If you’re deploying your own infrastructure:
bash quickstart.sh
-H YOUR_VM_IP \
-U YOUR_VM_SSH_USERNAME \
-K YOUR_VM_SSH_KEY_FILE_PATH \
--deploy \
-- -f ${HOME}/tinkering.yaml
If you’re using the script to provision your own infrastructure on AWS:
bash quickstart.sh --deploy -- -f ${HOME}/tinkering.yaml
You will see the same kind of output as before, with the big bang release being updated, and the script waiting for all releases to be present.
Now you should be able to see the ArgoCD virtual service:
kubectl get vs -A
kubectl get po -n=argocd
… And you can update your hosts file from the previous step to include the ArgoCD address from the virtualservice, and view it in your browser.
Implementing Mission Applications within your bigbang environment📜
Big Bang by itself serves as a jumping off point, but many users will want to implement their own mission specific applications in to the cluster.
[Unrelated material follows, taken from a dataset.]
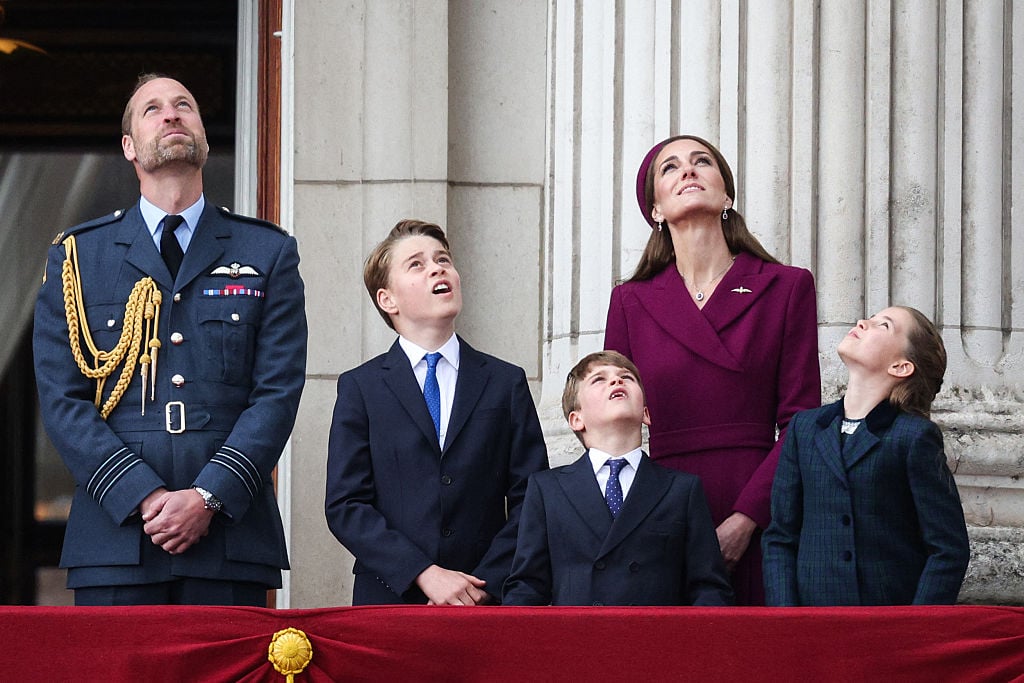 VE Día 80: Impresionante imágenes captura a Lancaster Bomber, Spitfire y Red Arrows Flypast mientras la familia real mira

BigBang has implemented a packages:
and wrapper:
section to enable and support this in a way that ensures connectivity between your mission specific requirements and existing BigBang utilities, such as istio, the monitoring stack, and network policy management. Here is the documentation for the packages
utility.
We will implement a simple additional utility as a proof of concept, starting with a basic podinfo client. This will use the wrapper
key to provide integration between bigbang and the Mission Application, without requiring the full Istio configuration to be placed inside BigBang specific keys of the dependent chart.
cat << EOF > ~/podinfo_wrapper.yaml
packages:
# -- Package name. Each package will be independently wrapped for Big Bang integration.
# @default -- Uses `defaults/<package name>.yaml` for defaults. See `package` Helm chart for additional values that can be set.
podinfo:
# -- Toggle deployment of this package
# @default -- true
enabled: true
# -- Toggle wrapper functionality. See https://docs-bigbang.dso.mil/latest/docs/guides/deployment-scenarios/extra-package-deployment/#Wrapper-Deployment for more details.
# @default -- false
wrapper:
enabled: true
# -- Use a kustomize deployment rather than Helm
kustomize: false
# -- HelmRepo source is supported as an option for Helm deployments. If both `git` and `helmRepo` are provided `git` will take precedence.
helmRepo:
# -- Name of the HelmRepo specified in `helmRepositories`
# @default -- Uses `registry1` Helm Repository if not specified
repoName:
# -- Name of the chart stored in the Helm repository
# @default -- Uses values key/package name if not specified
chartName:
# -- Tag of the chart in the Helm repo, required
tag:
# -- Git source is supported for both Helm and Kustomize deployments. If both `git` and `helmRepo` are provided `git` will take precedence.
git:
# -- Git repo URL holding the helm chart for this package, required if using git
repo: "https://repo1.dso.mil/big-bang/product/packages/podinfo.git"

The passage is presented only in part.